Райка замерла. Нет, она точно знала, что зарежет, даже наточила охотничий Мишкин ножик добротной стали, с наборной рукоятью. Но вот как всё это будет, она не представляла. Не рисовалось  что-то. Вот поднимется по лестнице –  хорошо, что адрес почтальонша сказала. Вот позвонит в дверь. Она откроет. А если не она? Да пусть и коза эта худоногая. Дальше что? Нож-то в сумке, в газетку завёрнутый. Это ж надо будет развернуть. При ней что ли? Или заранее? И куда бить  ловчее? В шею или в грудь? Она пыталась и раньше думать, понимая деревенским расчётливым чутьём, что надо всё прикинуть. Но мысли шли всё тяжёлые, страшные и она прятала их в самую глубь. Гнала, как  шелудивую собачонку, прибившуюся ко двору не ко времени. Глушила пахотой: побелкой, стиркой, и дел-то сколько было, надо ж и дом в чистоте, и скотинку всправе оставить. Чтоб та, кого приведёт Мишка к детям вместо неё, ничем не попрекнула. И вот чудно, эту следующую Мишкину жену ли подруньку она заранее прощала и жалела. Нелегко ей будет с двумя огольцами и хозяйством. А нынешнюю виденную мельком, незнакомую, ненавидела люто. Даже не за себя, не за попранное бабье самолюбие, а за тайные пацанячьи слёзы, за не пристанные вопросы : а где папка, а что не едет?

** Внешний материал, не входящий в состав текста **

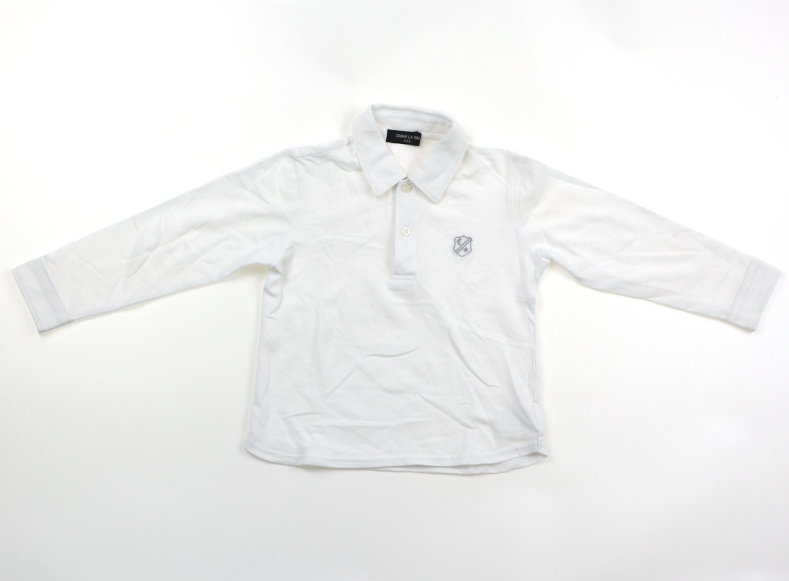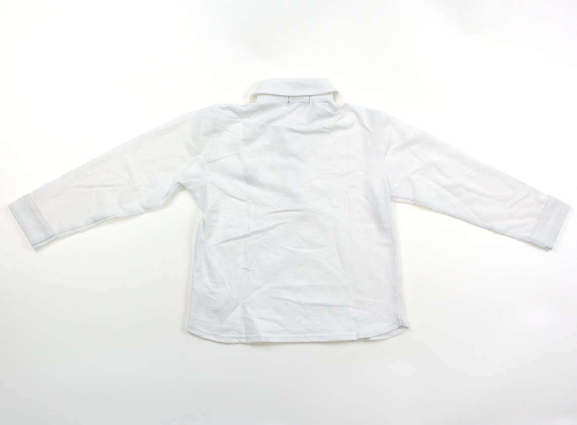 綿、ポリエステルの鹿の子カットソー生地。シワがありますが、目立つ汚れはありません。後ろ中心着丈、約39cmです。衿裏にネクタイ取り付けボタンがありますが、ネクタイはありません。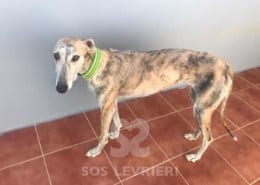 E’ un Levriero giovane, molto giocoso e solare che ben si è inserito fin dal primo momento con tutti gli altri cani del rifugio.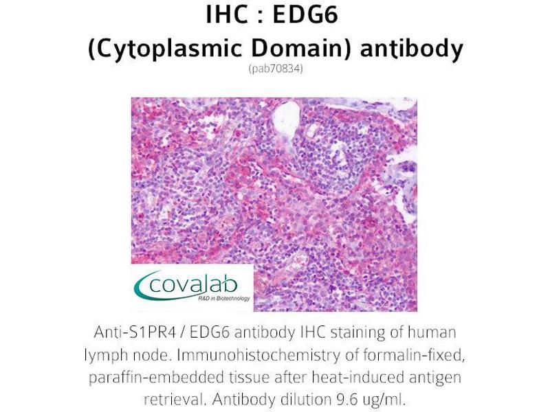 - Synthetic 20 amino acid peptide from 2nd cytoplasmic domain of human S1PR4 / EDG6. Percent identity with other species by BLAST analysis: Human (100%), Gorilla (100%), Monkey (95%), Marmoset (95%), Mouse (95%), Rat (95%), Hamster (95%), Bovine (85%) ...

Райка терялась от тех вопросов.  Несла что-то невнятное, а то и просто выскребала из кошелька мелочёвку на сласти, только б оставили её в покое. Когда деньги кончились, даже раньше, уже некуда стало прятаться от тёмных отцовских глаз старшего. И стыд охватывал, как вожжи тело, бил хлёстко и зло. Не удержала она папку-то. Не смогла. И вить не калека, не урод записной, баба со всем что бабе иметь положено, а вроде как и не баба.
– Ножом.– отрезала.
Что думать-то? Нет этой шмаре прощения и не будет.
– Грех это, Райка. – шмыгнула носом Зойка и глаза её вмиг налились неподдельным испугом.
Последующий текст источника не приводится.